AI Audio Splitter (Demucs)

Language: English | 한국어

A simple web application to separate audio files into individual tracks (Vocals, Drums, Bass, and Other) using the Meta Demucs AI model.

Features

Easy Upload: Drag and drop or select your audio file.
AI Powered: Uses Meta's htdemucs model for high-quality separation.
Interactive Mixer:
- Visualized waveforms for each track.
- Synchronized playback and seeking.
- Individual volume controls.
- Export/Download each track separately.
GPU Support: Optional NVIDIA GPU acceleration via Docker.

Quick Start

1. Prerequisites

Docker and Docker Compose installed.

2. Configuration

Create(cp .env.example .env) or edit the .env file in the root directory:

USE_GPU=false
DEMUCS_SHIFTS=0

Set USE_GPU=true if you have an NVIDIA GPU and want faster processing (requires NVIDIA Container Toolkit).*

Don't forget to enable GPU configuration section in the docker-compose.yml. Change the backend deploy section as below.

    environment:
      - USE_GPU=${USE_GPU:-false}
      - DEMUCS_SHIFTS=${DEMUCS_SHIFTS:-0}
    # GPU Configuration
    # If you have an NVIDIA GPU and want to use it, uncomment the section below
    # and ensure 'nvidia-container-toolkit' is installed on your host.
    deploy:
      resources:
        reservations:
          devices:
            - driver: nvidia
              count: 1
              capabilities: [gpu]

Change the DEMUCS_SHIFTS value to increase separation quality (higher values = better quality but slower processing):
- 0: Default, fastest (recommended for CPU)
- 1-5: Higher quality, slower processing (recommended for GPU)

3. Run the Application

Open your terminal in the project folder and run:

docker-compose up --build

4. Access the UI

Once the build is complete:

Frontend: http://localhost:3000
Backend API: http://localhost:8000

How to Use

Upload: Select an audio file on the main page and click "Start Separation".
Process: Wait for the AI to process the file (this takes a few minutes on CPU).
Result: Use the play button to listen to all tracks.
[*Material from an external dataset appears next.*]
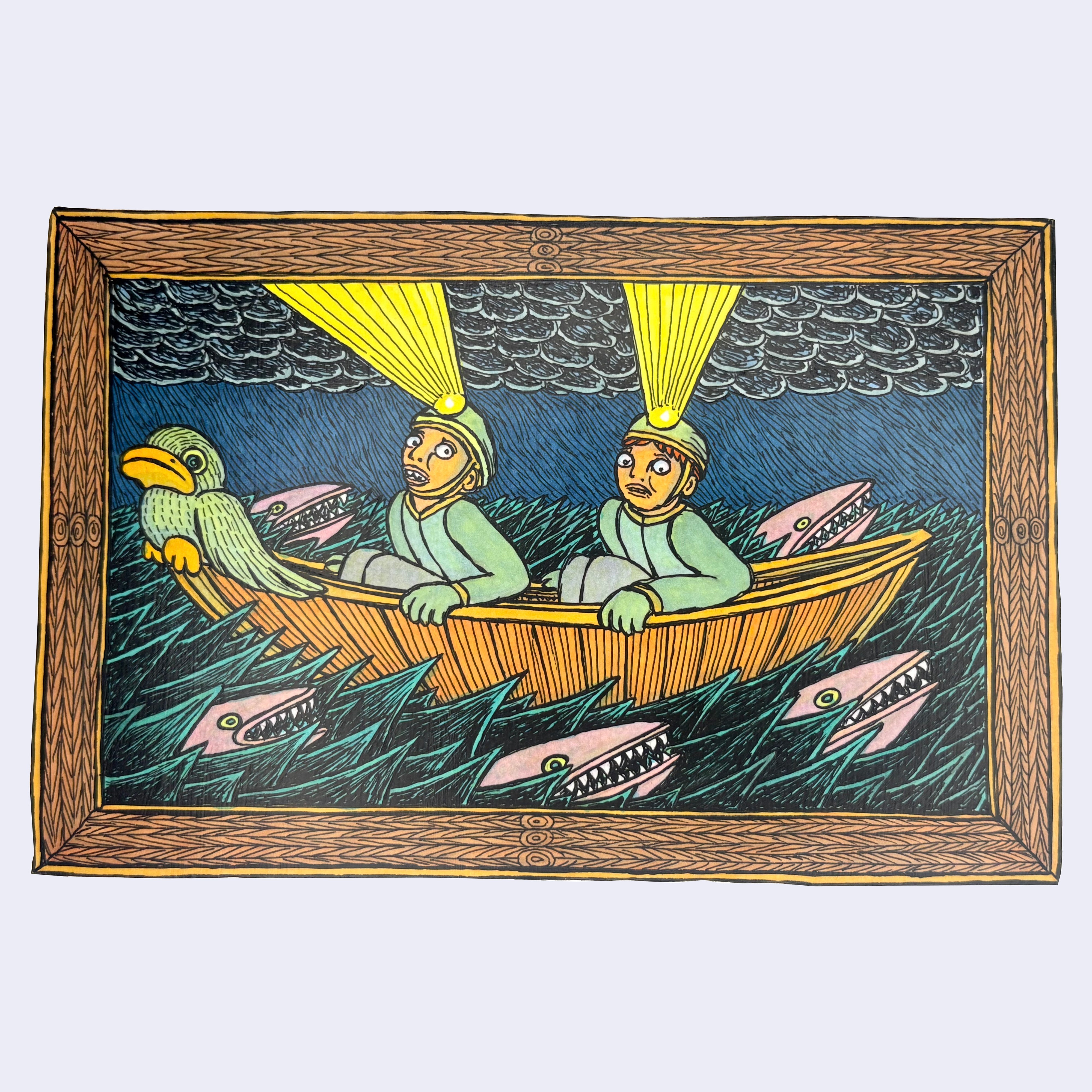 Mixed media (india ink, colored pencil, Copic brush tip markers and varnish) on cut wood panel.
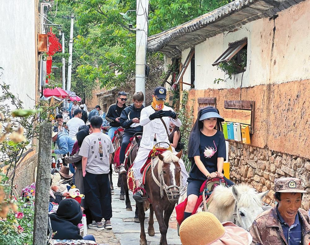 隨著電視連續(xù)劇《去有風(fēng)的地方》熱播,在電視劇取景地之一的大理市下關(guān)鎮(zhèn)鳳陽(yáng)邑村,昔日的茶馬古道重現(xiàn)了當(dāng)年的繁華。過(guò)去馱物資的馬背如今馱起了時(shí)尚達(dá)人,每天近3000名游客穿梭在村子里,在民宿里觀賞夯土墻上盛開(kāi)的鮮花,走進(jìn)農(nóng)家院落品味民謠與下午茶帶來(lái)的休閑時(shí)光,用相機(jī)和手機(jī)拍下照片,記錄在大理的美好生活。

Adjust volumes to isolate specific instruments and use the download icon to save individual tracks.

Technology Stack

Backend

Python 3.11 - Core programming language
FastAPI - Modern web framework for building APIs
Demucs - Meta's state-of-the-art music source separation AI model
PyTorch - Deep learning framework (CPU/GPU support)
Uvicorn - ASGI server

Frontend

React 18 - UI framework
Vite - Fast build tool and dev server
WaveSurfer.js - Audio waveform visualization
Axios - HTTP client for API requests
React Icons - Icon library

Infrastructure

Docker & Docker Compose - Containerization and orchestration
NVIDIA Container Toolkit - GPU acceleration support (optional)

Project Structure

web_audio_splitter/
├── backend/
│   ├── main.py              # FastAPI application entry point
│   ├── requirements.txt     # Python dependencies
│   ├── Dockerfile           # Backend container configuration
│   └── media/               # Uploaded and processed audio files
├── frontend/
│   ├── src/
│   │   ├── App.jsx          # Main React component
│   │   ├── components/      # React components
│   │   └── main.jsx         # Application entry point
│   ├── package.json         # Node.js dependencies
│   ├── vite.config.js       # Vite configuration
│   └── Dockerfile           # Frontend container configuration
├── docker-compose.yml       # Multi-container orchestration
├── .env.example             # Environment variables template
└── README.md                # This file

Advanced Configuration

Processing Quality vs Speed

The DEMUCS_SHIFTS parameter controls the number of random shifts used during separation:

0 shifts (default): Fastest processing, good quality
1-5 shifts: Progressively better quality, but significantly slower
Recommendation: Use 0 for CPU, 1-2 for GPU

GPU Acceleration

To enable GPU acceleration:

Install NVIDIA Container Toolkit
Set USE_GPU=true in .env
Uncomment the deploy section in docker-compose.yml
Rebuild the containers: docker-compose up --build

Supported Audio Formats

MP3, WAV, FLAC, OGG, M4A, WMA
Maximum file size: Limited by available disk space
Recommended: High-quality source files for best separation results

Troubleshooting

Common Issues

Issue: "Docker daemon not running"

Solution: Start Docker Desktop or Docker service on your system

Issue: "Port 3000 or 8000 already in use"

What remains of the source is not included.